Kebutuhan untuk memperoleh bantuan militer (terutama prajurit) jelas tergambar dari apa yang disampaikan oleh Raden Wijaya. “Saran” yang diminta oleh Raden Wijaya lebih menitikberatkan kepada kebutuhan akan tenaga prajurit mengingat saat itu eskalasi ketegangan belum mereda. Bahkan, saat ia menuju ke Madura Timur sekalipun, Raden Wijaya masih mendapat tekanan, ancaman, dan serangan oleh militer Kediri. Pertimbangan untuk pergi ke Madura juga tidak kalah penting untuk dikaji. Dari pengungkapan atas pilihan Raden Wijaya ke Madura, telah menunjukkan bagaimana Pulau Madura sebagai sebuah wilayah yang aman untuk melarikan diri.

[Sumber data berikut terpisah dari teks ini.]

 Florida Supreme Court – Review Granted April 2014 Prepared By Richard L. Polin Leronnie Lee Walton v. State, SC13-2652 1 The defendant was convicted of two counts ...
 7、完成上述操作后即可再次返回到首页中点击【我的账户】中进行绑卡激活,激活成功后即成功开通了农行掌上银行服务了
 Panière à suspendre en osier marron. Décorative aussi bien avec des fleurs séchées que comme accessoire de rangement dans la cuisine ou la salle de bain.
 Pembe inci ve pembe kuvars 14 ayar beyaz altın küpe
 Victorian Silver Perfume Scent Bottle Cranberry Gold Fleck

Sejauh itu bisa dikatakan bahwa Raden Wijaya masih tidak mengetahui tentang peran Arya Wiraraja selaku penghasut yang menjadi salah satu penyebab tewasnya. Prabu Kertanegara. Namun, jika dilihat mengenai jatuhnya Singasari yang ibu kotanya diserang secara mendadak, kemungkinan besar dapat dijumpai adipati-adipati lain yang masih setia pada Kertanegara di daerah-daerah luar ibu kota.

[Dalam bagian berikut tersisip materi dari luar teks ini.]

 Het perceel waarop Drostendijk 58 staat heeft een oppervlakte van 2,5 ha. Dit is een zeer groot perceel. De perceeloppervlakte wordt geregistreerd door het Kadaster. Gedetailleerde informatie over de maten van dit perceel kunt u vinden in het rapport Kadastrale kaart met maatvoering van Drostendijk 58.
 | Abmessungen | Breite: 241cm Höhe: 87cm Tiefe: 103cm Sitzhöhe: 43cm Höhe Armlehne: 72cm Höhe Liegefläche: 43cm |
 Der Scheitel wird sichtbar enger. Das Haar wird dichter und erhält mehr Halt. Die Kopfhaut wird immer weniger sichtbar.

Dengan kata lain, Raden Wijaya ikut mempertimbangkan sumber daya manusia yang potensial untuk dijadikan prajurit seperti yang ia lihat dari wilayah Madura Timur, untuk itu ia harus menemui Adipati Arya Wiraraja guna melihat kesetiaan dan kesediaannya. Kadipaten Madura Timur yang sebelumnya dianggap sebagai tempat untuk “menjauhkan” atau memutasi pejabat yang tidak dipercayai oleh Kertanegara, mulai sejak kejadian ini telah dipertimbangkan secara geografis dan potensi manusianya sebagaimana telah disebutkan sebelumnya.

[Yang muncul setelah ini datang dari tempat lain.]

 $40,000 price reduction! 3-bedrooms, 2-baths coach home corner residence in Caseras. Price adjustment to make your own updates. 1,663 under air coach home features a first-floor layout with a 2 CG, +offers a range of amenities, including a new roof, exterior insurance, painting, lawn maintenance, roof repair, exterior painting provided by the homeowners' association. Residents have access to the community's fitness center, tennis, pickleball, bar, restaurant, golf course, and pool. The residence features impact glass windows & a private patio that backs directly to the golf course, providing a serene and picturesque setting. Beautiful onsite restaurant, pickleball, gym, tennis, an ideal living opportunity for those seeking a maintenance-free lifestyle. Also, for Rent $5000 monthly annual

Melihat keteguhan Raden Wijaya tersebut, Arya Wiraraja menyanggupi pemberian bantuan. Sikap yang ditunjukkan Arya Wiraraja sungguh sangat berkesan dalam hati Raden Wijaya. Piawai dalam memberi nasihat adalah kelebihan Wiraraja yang berbanding lurus dengan ketepatan segala manuver politiknya. Bantuan yang diberikan oleh Adipati Madura Timur tidak “serampangan”, Wiraraja tidak langsung menyerahkan sekumpulan orang Madura untuk dipersenjatai dan kemudian dipimpin oleh Raden Wijaya.
Dengan cerdas, Wiraraja memberikan saran yang sarat taktik: strategi yang dipadukan kelihaian berpolitik dengan tujuan untuk kemenangan militer melalui bakat Raden Wijaya. Arya Wiraraja ingin membantu menjatuhkan Jayakatwang dengan caranya, yaitu Raden Wijaya pulang ke Jawa, lalu pura pura tunduk pada Kediri. Ia akan meminta suatu daerah kecil agar mendapat lahan untuk dipekerjakan oleh orang Madura yang mengikutinya. Dari tempat itulah diharapkan kekuatan dibangun untuk menghancurkan Jayakatwang (Simbolon, 2006: 25). Puas dengan apa yang diutarakan serta sikap Arya Wiraraja itu, Raden Wijaya kemudian berjanji untuk membagi Pulau Jawa menjadi dua (separuhnya akan diserahkan kepada Arya Wiraraja) apabila rencananya itu berhasil. Inilah kejadian yang kemudian disebut “Perjanjian Sumenep”.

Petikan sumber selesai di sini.